Vorrei poter scrivere di questi giorni al Salone del Libro, ma ho ancora troppo da fare per la scuola domani, e poi c’è un libro ancora da presentare domani sera e mi devo preparare, quindi in omaggio all’amica traduttrice che in Canada ha pensato al mio frigo, ecco la foto:

Grazie Liseuse!

Magister, insegna a te stesso!

Quando entro in classe aspetto che si alzino tutti in piedi e che ci guardiamo reciprocamente negli occhi, poi li invito a risedersi. A volte chiedo anche che i ragazzi tirino su i pantaloni. Venerdì abbiamo discusso su quanta mutanda è opportuno mostrare. Era appena uscito l’articolo in cui si parlava del ragazzo inglese che aveva vinto la causa contro la scuola che non gli permetteva di portare i pantaloni larghi e bassi in vita, poiché imporre un codice di abbigliamento, secondo quel tribunale, ledeva i diritti umani.
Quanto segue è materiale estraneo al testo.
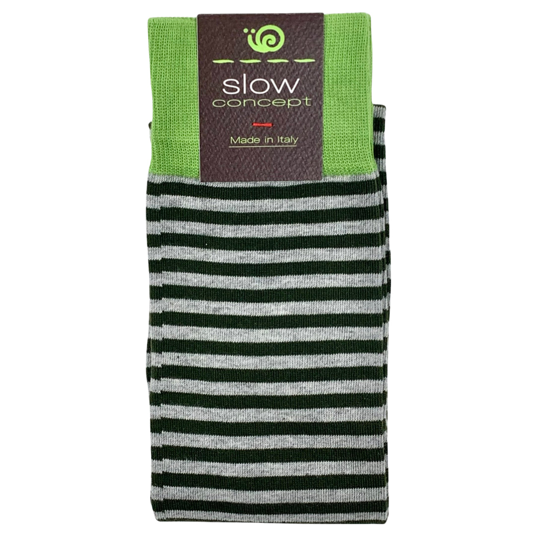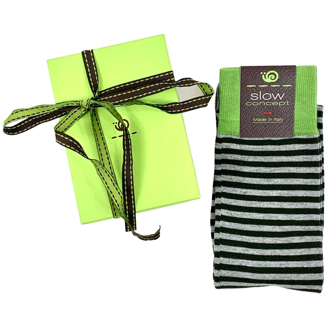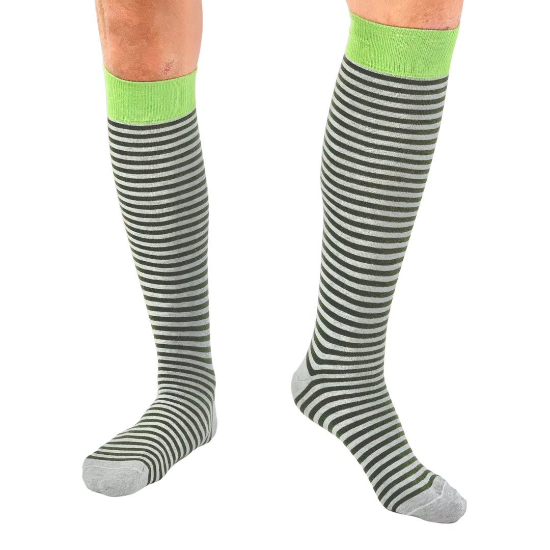 Italian knee socks 85% cotton 12% polyamide 3% elastane, two-color stripe design, with cuff of 6 cm green contrast.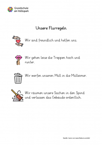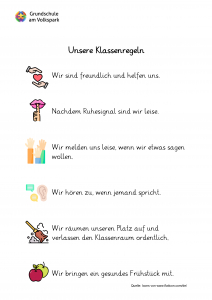 Gemeinsam mit den Schülerinnen und Schülern haben wir Regeln vereinbart, die wir in unserem Schulalltag leben. Diese gelten am Vormittag sowie am Nachmittag. Gemeinsam achten wir darauf, dass sie eingehalten werden.

Ho detto che il mio discrimine era la “riga”: non intendo discutere sull’indiscutibile fascino di G., tuttavia non desidero vedere 4 dita di immacolate mutande di design nonchalantemente strette fra le chiappe esposte (nell’intervallo può però riabbassare il pantalone per lo struscio nei corridoi); e per le pari opportunità ho aggiunto che anche l’invidiabile decolté di R. dovrebbe attenersi al discrimine della “riga”. E giù a parlare di criteri estetici, rispetto e via discorrendo.

Sulla strada di casa, mi è capitato fra le mani un aforisma di Sri Chinmoy, diceva: Noi per primi dobbiamo seguire il consiglio che diamo agli altri. Mi sono chiesta che cosa avesse a che fare con me quell’aforisma, e mentre lo consideravo ho abbassato gli occhi.

Ups!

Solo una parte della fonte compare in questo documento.